===== RECORDS SUPPLIED =====
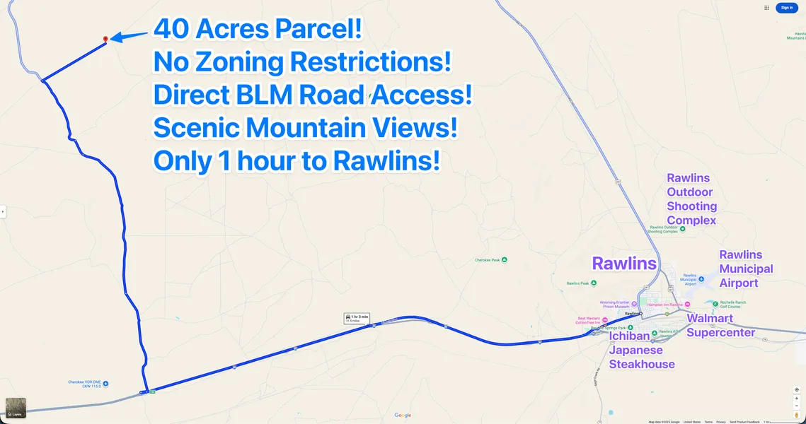 The property is approximately 20 miles (about an hour drive) to Rawlins, Wyoming, which has shopping, fuel, hotels, and restaurants for the area. Rawlins also has a Walmart Super Center and multiple mechanic shops. This tract also lies approximately 37 miles to Wamsutter, Wyoming, which also has some shopping, eating and gas stations. The tract includes a section of a seasonal lake, Mud Springs Lake, which provides a private opportunity for some water sports and gives the owner a lakeside lodge experience.
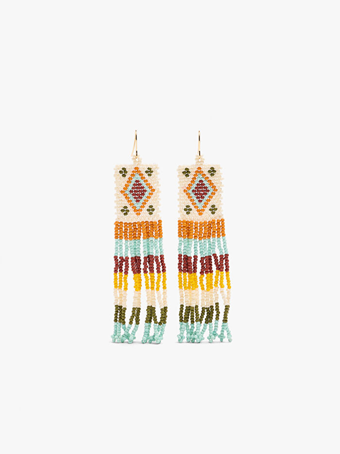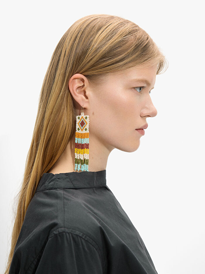 Çok renkli boncuklu ve baklava desenli kare tabanlı uzun küpe. Parlak bitiş.
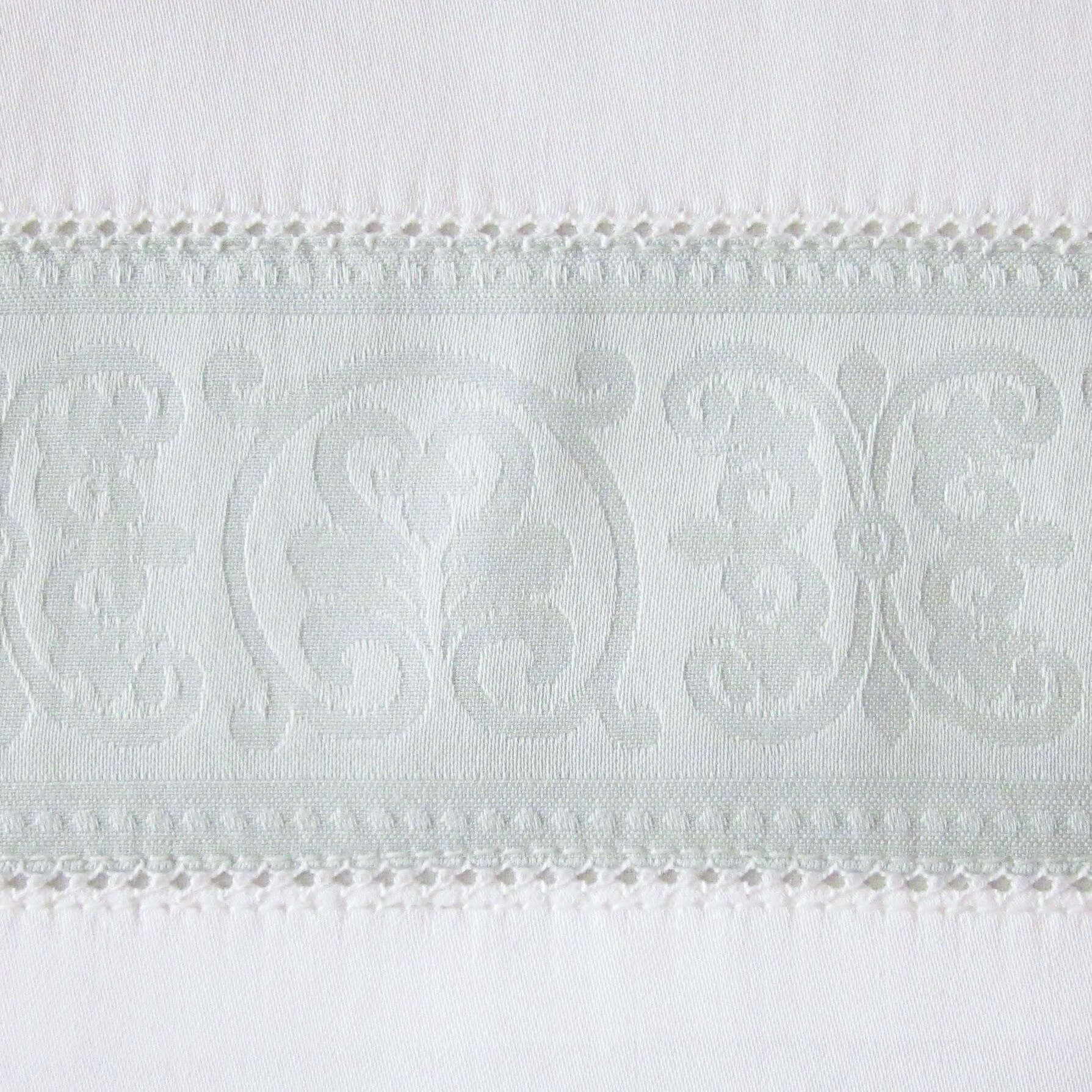 Venice Flat Sheets, Pillowcases are designed with a solid sateen body and jacquard inset along the Euro return, bordered by a tone-on-tone, hand-guided hemstitch.
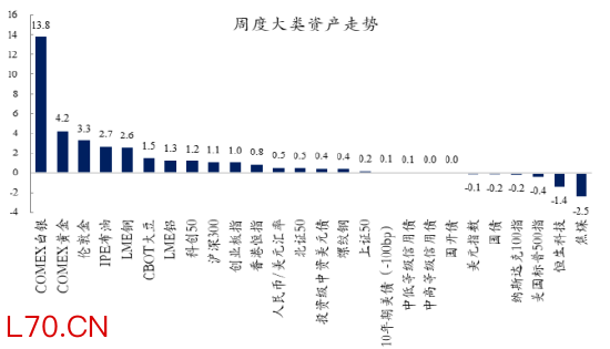 过去一周,全球资产呈现“商品强、股债弱、风格偏周期”的格局。大宗商品领涨,COMEX白银周涨13.8%,伦敦金、ICE布油、LME铜等大宗商品同步走高,凸显避险与通胀预期;A股宽基小幅上行,科创50、沪深300涨超1%,A股行业端,有色金属、基础化工等周期板块领涨,传媒、非银金融则跌幅居前。
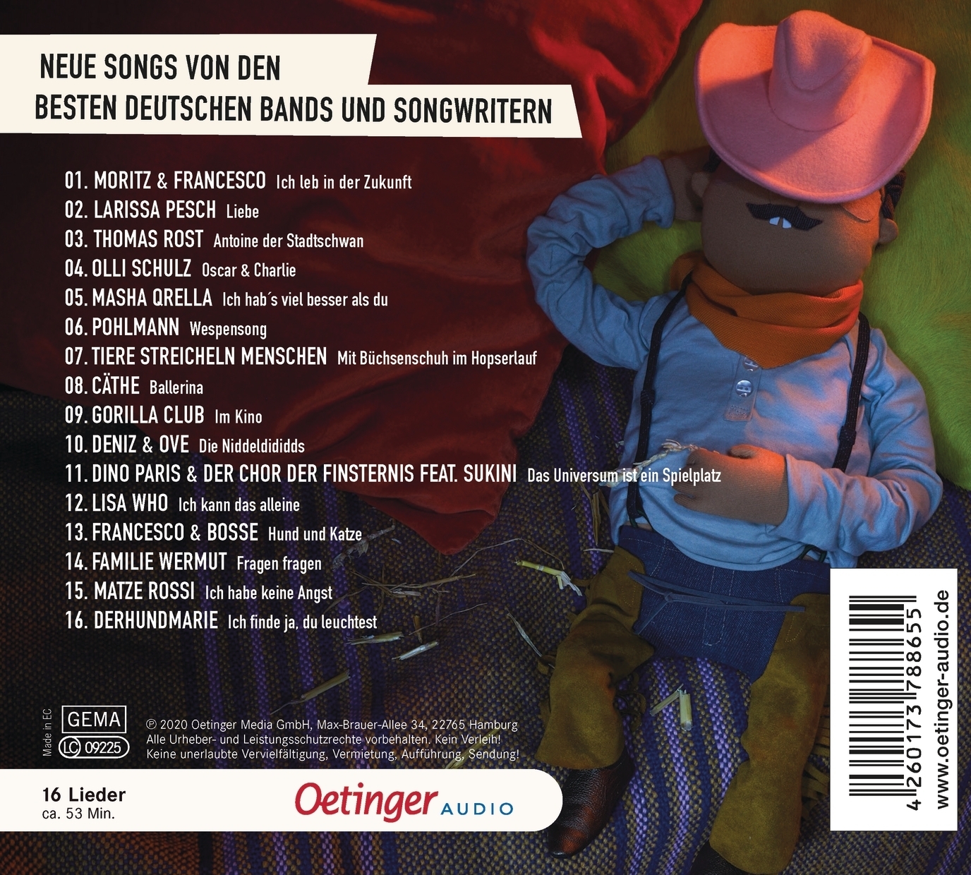 | Schlagworte | 75 Jahre Oetinger Fantastische Geschichten • Cool • Deutschsprachige Künstler • Familie • Indie-Pop • Indie-Rock • Jungen • Kinderalltag • Kinderbeschäftigung • Kinderbuch ab 4 • Kindergartenlieder • Kinderlieder • Kindermusik • Kinderparty • Lieder • Mädchen • Mitsingen • Modern • Musik • Musik für die ganze Familie • Popmusik • Rock • Singen • Singer-Songwriter • Tanzen • Unter meinem Bett |
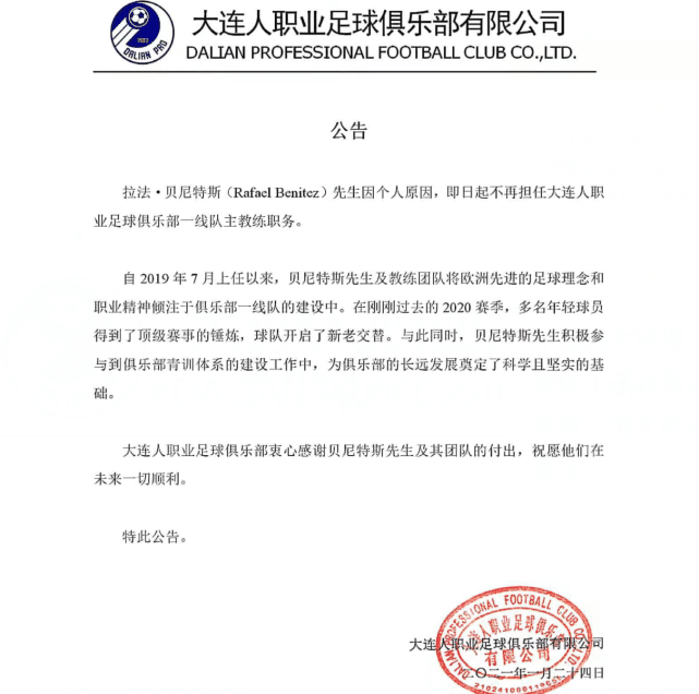 JRS直播网1月24日讯 那个男人走了!中超唯一的大牌教练,贝尼特斯离别的消息,对于大连足球乃至中超联赛都是一个重击。贝尼特斯带着欧冠冠军,皇马、利物浦、切尔西和国际米兰顶级名帅的头衔来到中超,带领大“更新换代”的大连人队披荆斩棘。此刻,他离开了,原因有很多,贝尼特斯说:疫情改变了自己和俱乐部的计划,但从今天开始他选择离开,也感谢在大连人队帮助过他的人。
=====
■ EXERCISE PROMPT ■
Write out the entries again, word for word. No images.

■ ANSWER FOR THIS EXERCISE ■
 The property is approximately 20 miles (about an hour drive) to Rawlins, Wyoming, which has shopping, fuel, hotels, and restaurants for the area. Rawlins also has a Walmart Super Center and multiple mechanic shops. This tract also lies approximately 37 miles to Wamsutter, Wyoming, which also has some shopping, eating and gas stations. The tract includes a section of a seasonal lake, Mud Springs Lake, which provides a private opportunity for some water sports and gives the owner a lakeside lodge experience.
 Çok renkli boncuklu ve baklava desenli kare tabanlı uzun küpe. Parlak bitiş.
 Venice Flat Sheets, Pillowcases are designed with a solid sateen body and jacquard inset along the Euro return, bordered by a tone-on-tone, hand-guided hemstitch.
 过去一周,全球资产呈现“商品强、股债弱、风格偏周期”的格局。大宗商品领涨,COMEX白银周涨13.8%,伦敦金、ICE布油、LME铜等大宗商品同步走高,凸显避险与通胀预期;A股宽基小幅上行,科创50、沪深300涨超1%,A股行业端,有色金属、基础化工等周期板块领涨,传媒、非银金融则跌幅居前。
 | Schlagworte | 75 Jahre Oetinger Fantastische Geschichten • Cool • Deutschsprachige Künstler • Familie • Indie-Pop • Indie-Rock • Jungen • Kinderalltag • Kinderbeschäftigung • Kinderbuch ab 4 • Kindergartenlieder • Kinderlieder • Kindermusik • Kinderparty • Lieder • Mädchen • Mitsingen • Modern • Musik • Musik für die ganze Familie • Popmusik • Rock • Singen • Singer-Songwriter • Tanzen • Unter meinem Bett |
 JRS直播网1月24日讯 那个男人走了!中超唯一的大牌教练,贝尼特斯离别的消息,对于大连足球乃至中超联赛都是一个重击。贝尼特斯带着欧冠冠军,皇马、利物浦、切尔西和国际米兰顶级名帅的头衔来到中超,带领大“更新换代”的大连人队披荆斩棘。此刻,他离开了,原因有很多,贝尼特斯说:疫情改变了自己和俱乐部的计划,但从今天开始他选择离开,也感谢在大连人队帮助过他的人。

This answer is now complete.